[Stored items]
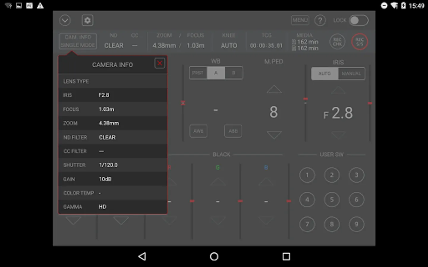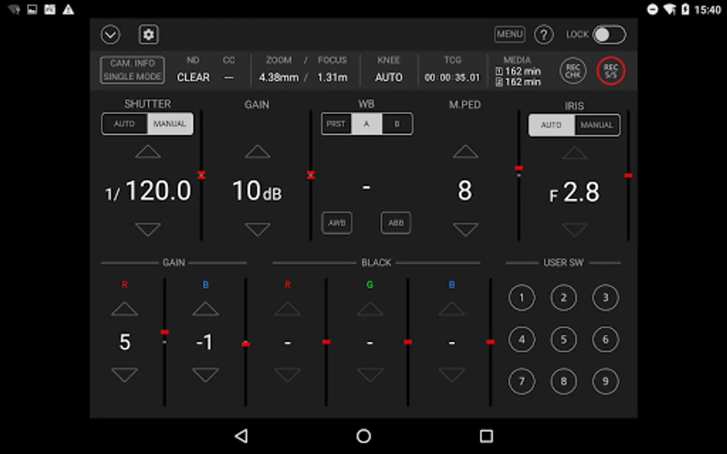 Buttons such as user buttons and REC S/S button in screen can manipulate camera recorder.
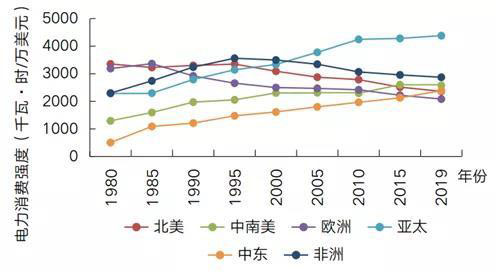 圖1-6 1980—2019年分地區(qū)電力消費(fèi)強(qiáng)度變化
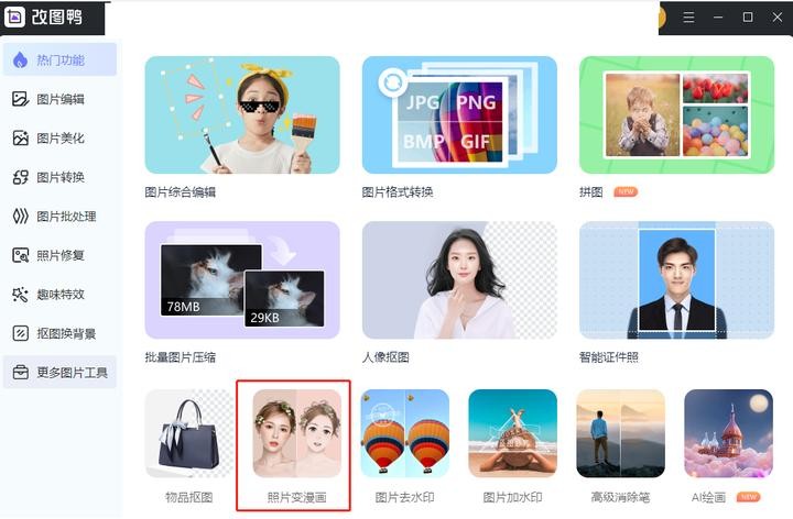 点击进入界面之后,我们在界面点击【照片变漫画】即可开始我们的图片变换之旅喽~
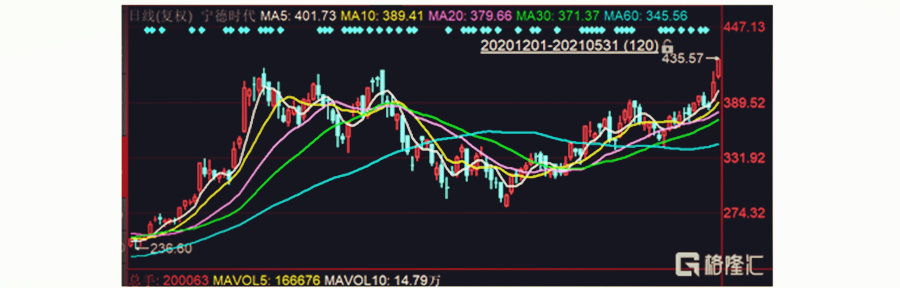 6月1日動力電池龍頭寧德時代股價新高,市值破萬億。至此,創業板首家萬億公司誕生。時隔四個月,寧德重新站上了高點,眾望所歸。
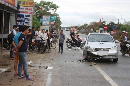 Vào khoảng 13h45 chị Tuyên điều khiển xe máy mang BKS:38N3-9951 chở theo 2 con nhỏ đi học. Khi đến ngã tư thuộc xã Cẩm Trung, xe máy do chị Tuyên điều khiển va chạm với xe ô tô mang BKSL 38H-9036 do anh Hoàng Đinh Hải ( SN1987, trú xã Kỳ Đồng, huyện Kỳ Anh, tỉnh Hà Tĩnh) điều khiển chạy hướng Nam- Bắc.

**About this task:** Please return, without any change, the lines from the line containing "圖1-6 1980—2019" through the last line of the entries, dropping the pictures.

**Finished exercise:**
 圖1-6 1980—2019年分地區(qū)電力消費(fèi)強(qiáng)度變化
 点击进入界面之后,我们在界面点击【照片变漫画】即可开始我们的图片变换之旅喽~
 6月1日動力電池龍頭寧德時代股價新高,市值破萬億。至此,創業板首家萬億公司誕生。時隔四個月,寧德重新站上了高點,眾望所歸。
 Vào khoảng 13h45 chị Tuyên điều khiển xe máy mang BKS:38N3-9951 chở theo 2 con nhỏ đi học. Khi đến ngã tư thuộc xã Cẩm Trung, xe máy do chị Tuyên điều khiển va chạm với xe ô tô mang BKSL 38H-9036 do anh Hoàng Đinh Hải ( SN1987, trú xã Kỳ Đồng, huyện Kỳ Anh, tỉnh Hà Tĩnh) điều khiển chạy hướng Nam- Bắc.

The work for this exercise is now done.